Work request —
Using the data below, transcribe exactly everything from the line that contains "O lado esquerdo" down to the line that contains "Воздушное платье MC". Include both of those lines and none of the pictures.

Records —
##############################

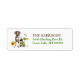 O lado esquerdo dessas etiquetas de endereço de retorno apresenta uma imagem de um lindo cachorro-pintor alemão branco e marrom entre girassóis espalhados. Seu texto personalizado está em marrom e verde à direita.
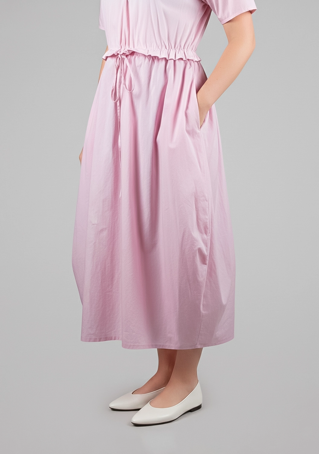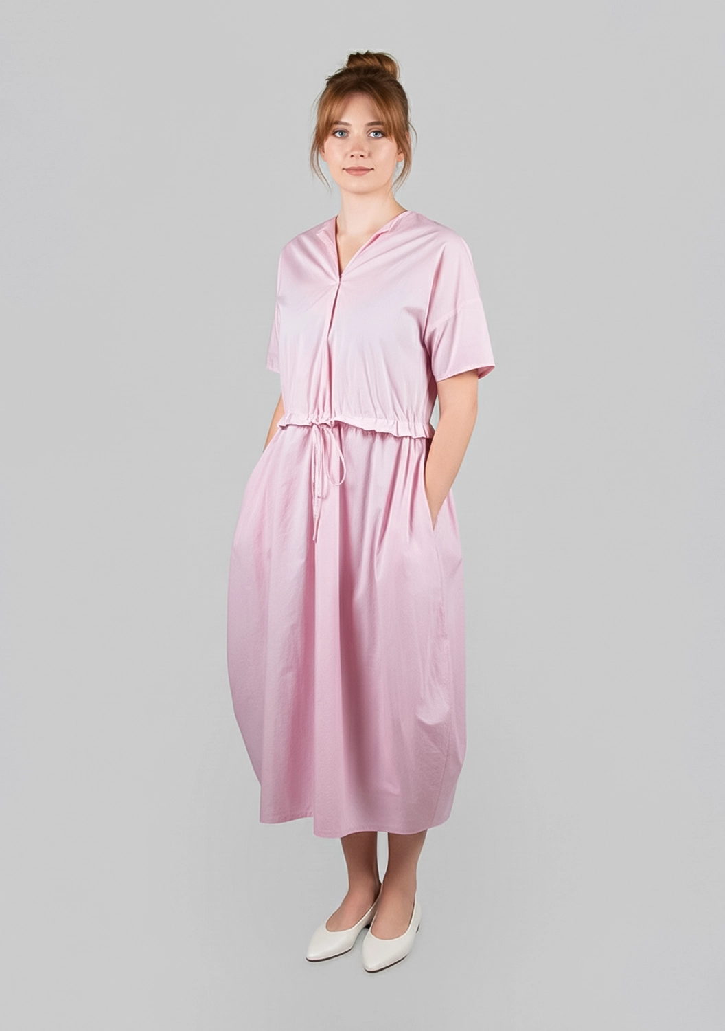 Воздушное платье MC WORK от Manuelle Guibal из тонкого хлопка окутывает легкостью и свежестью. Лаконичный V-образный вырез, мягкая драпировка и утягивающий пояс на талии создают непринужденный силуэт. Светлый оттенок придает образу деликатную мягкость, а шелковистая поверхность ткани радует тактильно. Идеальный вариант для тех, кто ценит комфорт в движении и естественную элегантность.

##############################

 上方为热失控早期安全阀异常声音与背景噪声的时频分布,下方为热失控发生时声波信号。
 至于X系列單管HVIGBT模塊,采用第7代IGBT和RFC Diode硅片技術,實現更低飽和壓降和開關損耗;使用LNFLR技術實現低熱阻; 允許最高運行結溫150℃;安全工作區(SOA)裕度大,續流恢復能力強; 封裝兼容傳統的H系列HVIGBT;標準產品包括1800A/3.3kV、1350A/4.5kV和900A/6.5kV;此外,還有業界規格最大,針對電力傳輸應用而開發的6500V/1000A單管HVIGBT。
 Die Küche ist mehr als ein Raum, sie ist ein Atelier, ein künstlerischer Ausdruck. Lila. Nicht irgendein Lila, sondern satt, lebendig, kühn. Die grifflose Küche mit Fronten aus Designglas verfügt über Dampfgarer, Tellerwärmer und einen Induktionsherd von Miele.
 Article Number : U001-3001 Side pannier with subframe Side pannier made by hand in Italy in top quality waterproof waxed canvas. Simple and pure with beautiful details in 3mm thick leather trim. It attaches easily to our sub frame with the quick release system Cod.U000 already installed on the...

##############################

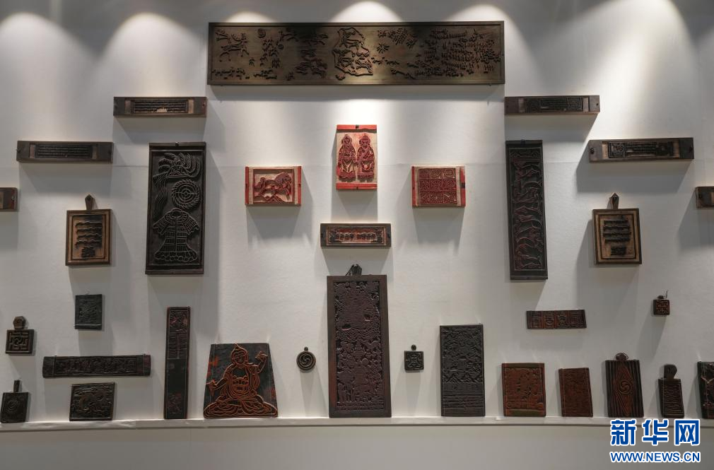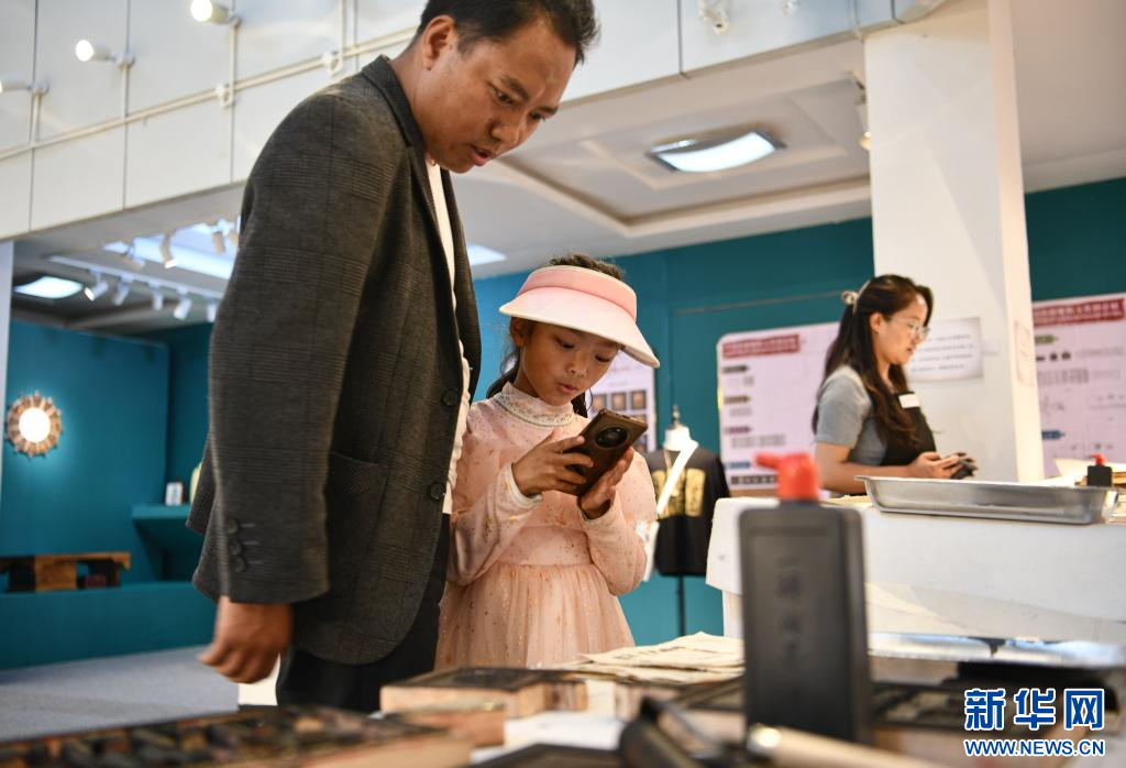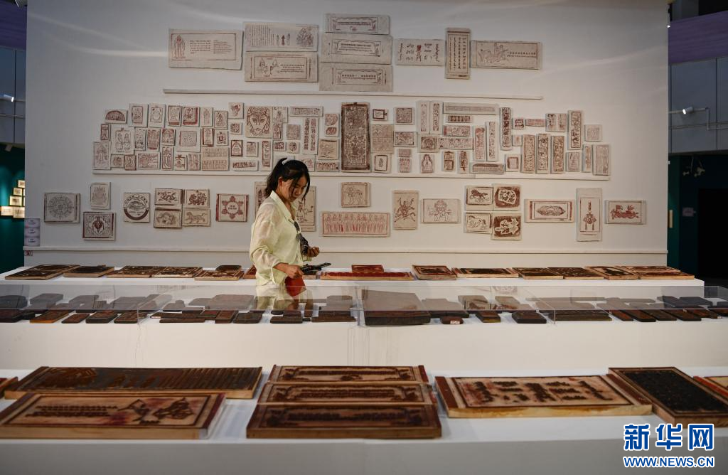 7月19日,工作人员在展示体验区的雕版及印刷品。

##############################

Response to the exercise —
 O lado esquerdo dessas etiquetas de endereço de retorno apresenta uma imagem de um lindo cachorro-pintor alemão branco e marrom entre girassóis espalhados. Seu texto personalizado está em marrom e verde à direita.
 Воздушное платье MC WORK от Manuelle Guibal из тонкого хлопка окутывает легкостью и свежестью. Лаконичный V-образный вырез, мягкая драпировка и утягивающий пояс на талии создают непринужденный силуэт. Светлый оттенок придает образу деликатную мягкость, а шелковистая поверхность ткани радует тактильно. Идеальный вариант для тех, кто ценит комфорт в движении и естественную элегантность.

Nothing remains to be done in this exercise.